Vice-President of the European Parliament
- In office 15 November 2017 – 18 January 2022
- President: Antonio Tajani; David Sassoli; Roberta Metsola (acting);

Personal details
- Born: 18 September 1985 (age 40) Rome, Italy
- Party: Action (2024–present)
- Other political affiliations: Five Star Movement (2013–2024)
- Education: University of Rome Tor Vergata
- Occupation: Practising lawyer

= Fabio Massimo Castaldo =

Italian politician (born 1985)

Fabio Massimo Castaldo (born 18 September 1985) is an Italian politician who has served in the European Parliament since 2014. On 15 November 2017, he was elected Vice-President of the European Parliament; in doing so, he replaced Alexander Graf Lambsdorff and became the youngest vice-president in the history of the institution. As a member of the European Parliament (MEP), he sat on the Europe of Freedom and Direct Democracy parliamentary group from 1 July 2014 to 15 October 2014, and again from 20 October 2014 and 1 July 2019, and was a non-attached member (Non-Inscrits) from 16 October 2014 to 19 October 2014.

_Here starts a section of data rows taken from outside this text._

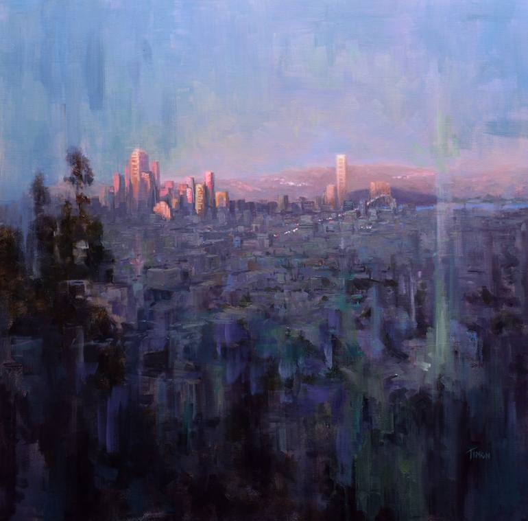 Painted from views from Bernal Heights in San Francisco. Continuing my exploration of the line between abstraction and inner luminosity, this piece furthers the progression that has emerged over the last few years. Oil on stretched linen. This is on deep 1.5 inch stretcher bars with painted sides...
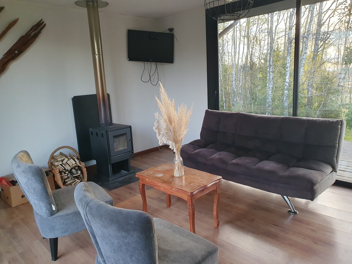 Belle cabane dans la forêt, située dans la région de Lefún entre Villarrica et Pucón. Il offre une vue imprenable sur le volcan Villarrica, entouré d'une forêt indigène et d'oiseaux. Chaque jour, vous pouvez entendre Loicas et Chucaos. Entièrement équipé pour profiter de votre séjour, vous déconnecter et vous détendre. Un joli ruisseau traverse la propriété. Nous vous recommandons de prendre des photos nocturnes du volcan Villarrica à côté du poêle à bois avec la vue panoramique de notre cabane. Nous sommes certains que vous allez adorer !
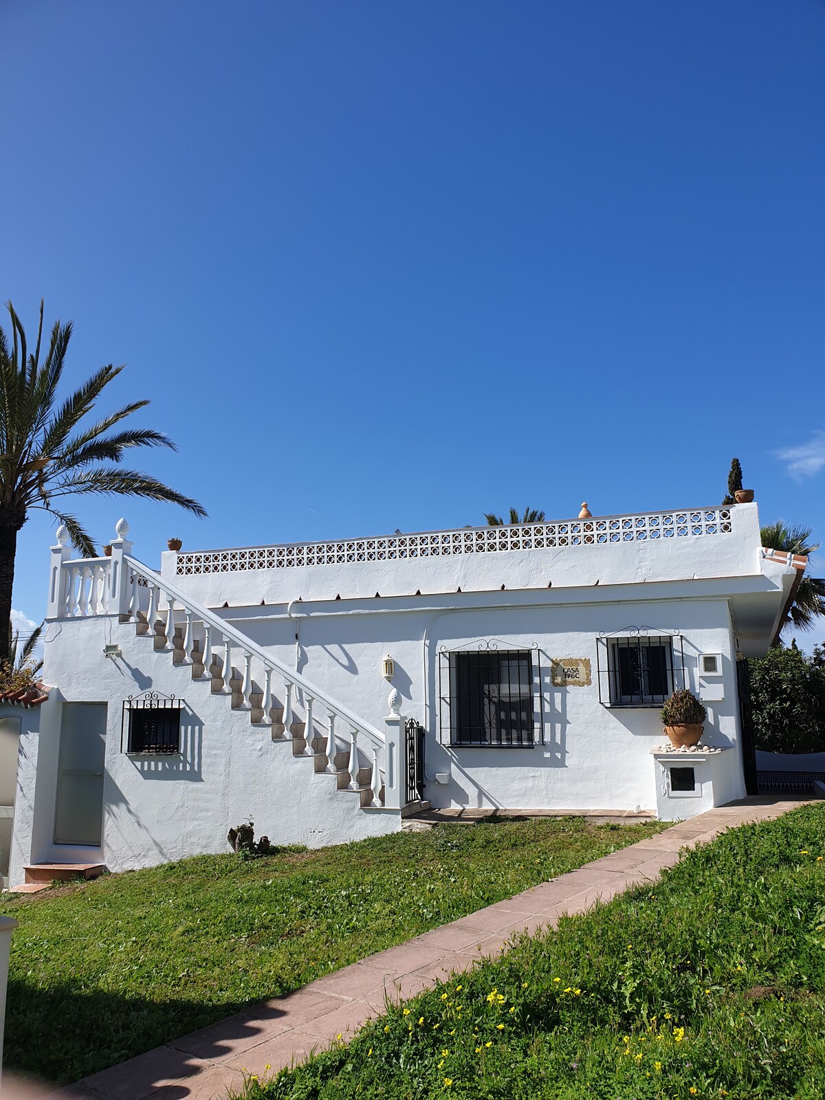 Casa independiente con magnífica vista al mar. Dormitorio: cama de tamaño completo, un baño, estudio grande con sofá para dos y inodoro adicional. Cocina nueva, totalmente equipada. Wifi de 5 Ghz, escritorio para PC. La sala de estar y el estudio se abren al gran patio. Escaleras externas a la azotea. Elección única de campos de golf en el interior. A 8 minutos a pie de la playa "nuestra", a 10 minutos en coche de las interminables playas de Cabopino o Fuengirola. Mantenimiento y ayuda garantizada por la excelente colaboración con nuestros vecinos Superanfitriones españoles.
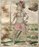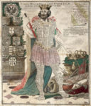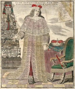 - 3) Questa curiosa immagine mostra un re, fiancheggiato da un lato da corone, scettri, armi strumenti musicali, e dall'altro da stemmi. Sul suo corpo e sulla sua armatura sono elencati i re delle diverse nazioni europee dal primo al diciassettesimo secolo, con il loro segno zodiacale e le date della loro morte. 4) Figura simbolica di un Elettore in abiti cerimoniali coperti con gli elenchi di tutti i governanti del Sacro Romano Impero, principi, elettori e duchi. A sinistra dell'immagine si osserva un obelisco decorato con stemmi araldici ; a destra le insegne della regalità, una corona e uno scettro con il trono di Stato. Legenda in alto a destra. (4)
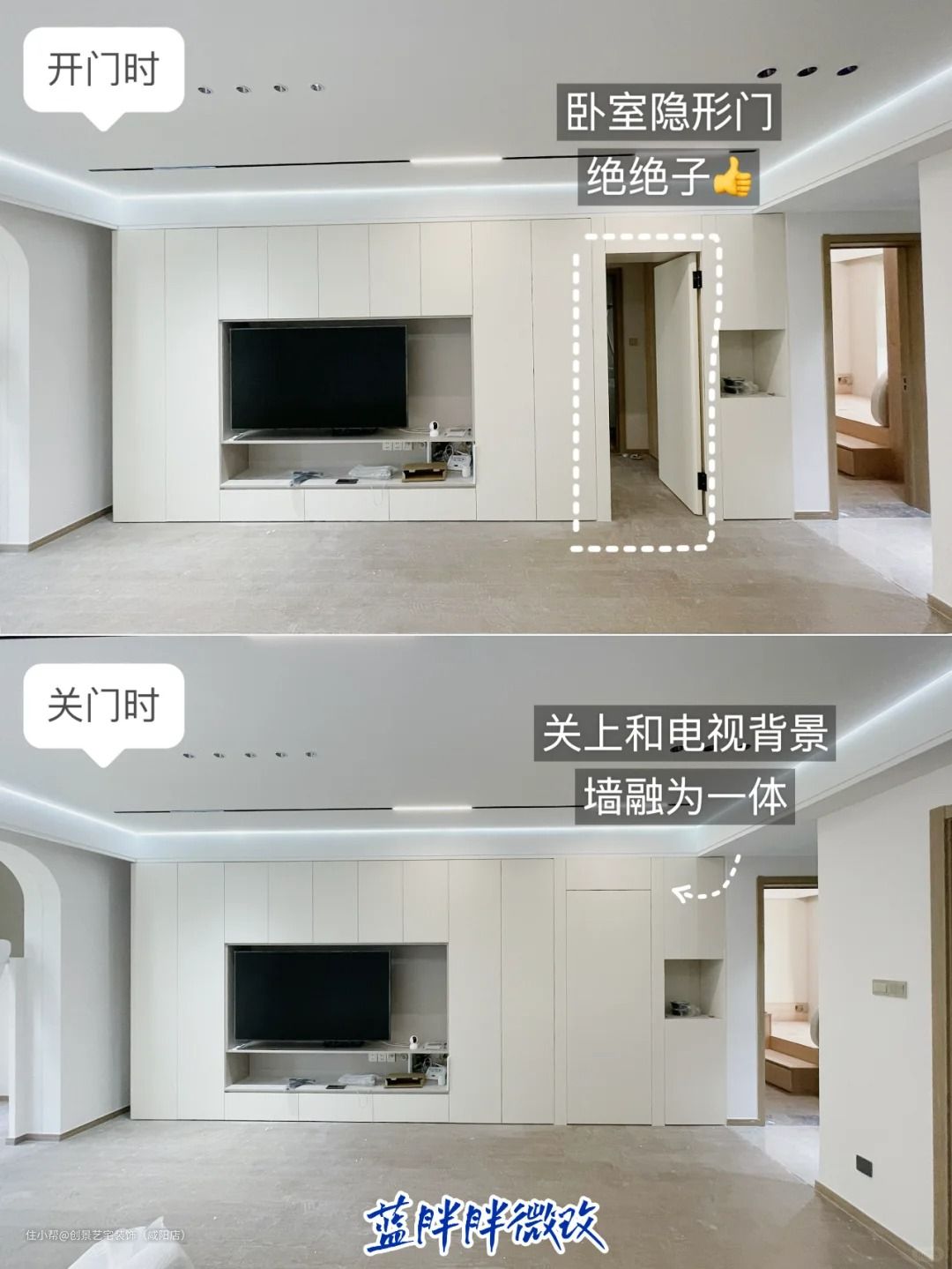 ▪和电视墙旁边有门不好看,定制了隐形门💍关门和电视墙融为一体
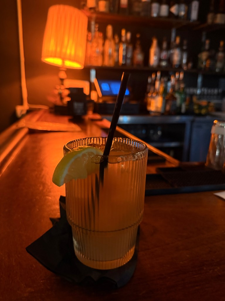 In the photos I took you can literally feel the warmth. The bar counter shines under that golden light. The shelves behind the bar are stacked with bottles that look like they belong in an old film. It feels cozy but elevated.
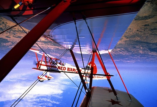 - I went out to photograph this Red Baron Pizza demonstration team east of Sacramento one morning. As we went into the sky for a news photo for my newspaper The Sacramento Union, the valley was fogged over. I took the color pictures, processed the Ektachrome only to find that there was no up, down, upside down, etc. So called them for a re-fly re-shoot at 2pm. This is the picture as we looped the loop in a giant circle, I thought it better to use the biplane look with the earth upside down (in the "sky"). Nikon 2000 with Vivitar 19mm lens. Jim Vestal
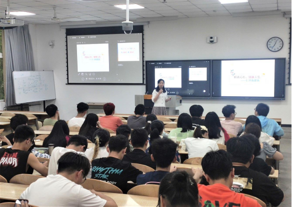 25心理健康活动月之际,为更好地提高员工心理健康关注意识,培养员工有意识地认识自我、探索自我、关爱自我的习惯,学会调节、缓解学习生活中的负性情绪和强压力,提高幸福感,光电学院于5月261900在教2-106举办了“阳光心态 健康人生——5.25我爱我”心理讲座。此次讲座,由公司心育员陈慧英老师主讲。2018级和2019100名同学聆听了讲座。
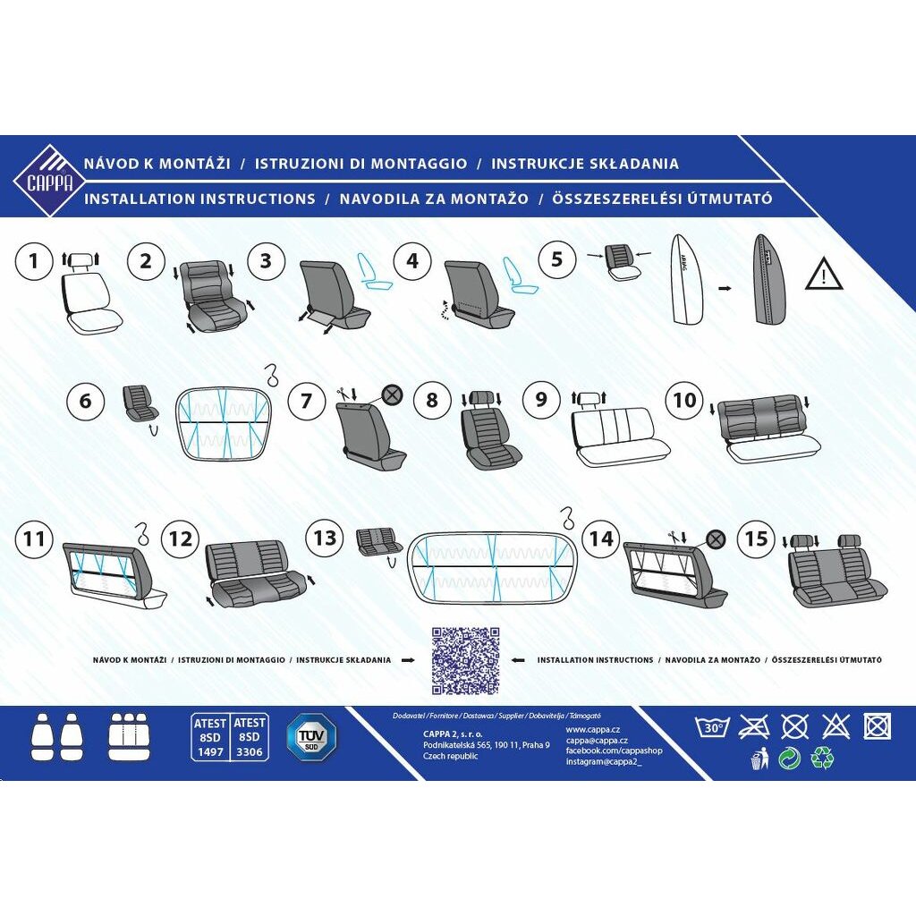 A FABIA hímzett üléspárnákat oldallégzsákkal ellátott járműüléseken való használatra gyártják és tanúsítják. A légzsákok kioldása esetén az autóülés párnájának oldalán lévő speciálisan varrt varrás elszakad. Használható a FABIA I, II, III modelleken. Az autósülés huzatok nem csúsznak az ülésen a huzat belső oldalán található puha habnak köszönhetően. A karfák és az ülésrészek poliészter szövetből készültek. A csövek és az autósülés háttámlája 100% poliészterből készült. Az első üléshuzatokon előre elkészített lyuk van a fejtámlák számára. A hátsó részeken a huzat gondos felszerelése és kikapcsolása után a fejtámlák helyére lyukat kell lyukasztani. Az utolsó lépésben a lyukakat műanyag gyűrűkkel rögzítjük az üléshez. A hátsó ülések 3 cipzárral vannak felszerelve az osztott ülések összecsukásához. Az autóüléshuzatok alkalmasak a nem osztott hátsó ülésekkel, valamint az 1 3 mindkét oldalon vagy 50 50 arányban osztott hátsó ülésekkel rendelkező járművekhez. Tulajdonságok: Oldallégzsákkal is rendelkező járműüléseken való használatra gyártott és tanúsított. az autóüléshuzatok nem csúsznak az ülésen a huzat belsejében található puha habnak köszönhetően az első üléseken előre elkészített lyuk van a fejtámlákhoz a hátsó háttámlák 3 cipzárral vannak ellátva a huzatok alkalmasak mind az osztott hátsó ülésekkel, mind az osztott hátsó ülésekkel rendelkező járművekhez, amelyek mindkét oldalán 1 3 vagy 50 50. Készlet 5 üléshez könnyű összeszerelés Műszaki leírás: Anyag: poliészter - hab mosógépben mosható 30 fokon használható a következő járműveken: FABIA I, II, III ATEST 8SD 1497: jóváhagyás a Cseh Köztársaságban a gépjárművek üléshuzataira. ATEST 8SD 2653: jóváhagyás az oldallégzsákkal felszerelt járművek üléshuzataira a Cseh Köztársaságban. ATEST 27MD 2038: jóváhagyás a gépjárművek üléshuzataira SK-ban. A csomag 11 részt tartalmaz: táblázat szegély 1 cellapárnázat 0trtd Vezetői ülés td td 1× háttámla td td 1× ülőrész td td 1× fejtámla huzat td trtrtd Utasülés td td 1× támaszrész td td 1× ülőrész td td 1× fejtámla huzat td trtrtd Hátsó ülések td td 1× ülőrész td td 1× 3 cipzárral összekötött tartó rész td td 3× fejtámla huzat td tr asztal

Castaldo was re-elected in the 2019 European Parliament election in Italy. On 3 July 2019, he was re-elected vice-president of the European Parliament, running as an independent with the support of over forty MEPs belonging to various political groups, as the European delegation of the Five Star Movement (M5S) belonged to the technical grouping of the Non-Inscrits. His election represented the second success of an independent candidate following the 2009 election of Edward McMillan-Scott, who was elected with the Conservative Party and sat with European Conservatives and Reformists (ECR) but successfully stood as an independent candidate against ECR's official candidate and was expelled; although he joined the Liberal Democrats, McMillan-Scott sat as a non-attached MEP. Castaldo remains a non-attached MEP for the M5S. In July 2023, he denied rumours that he would switch to Forza Italia of the European People's Party on the grounds that M5S leader Giuseppe Conte allegedly excluded him for the list of candidates for the 2024 European Parliament election in Italy.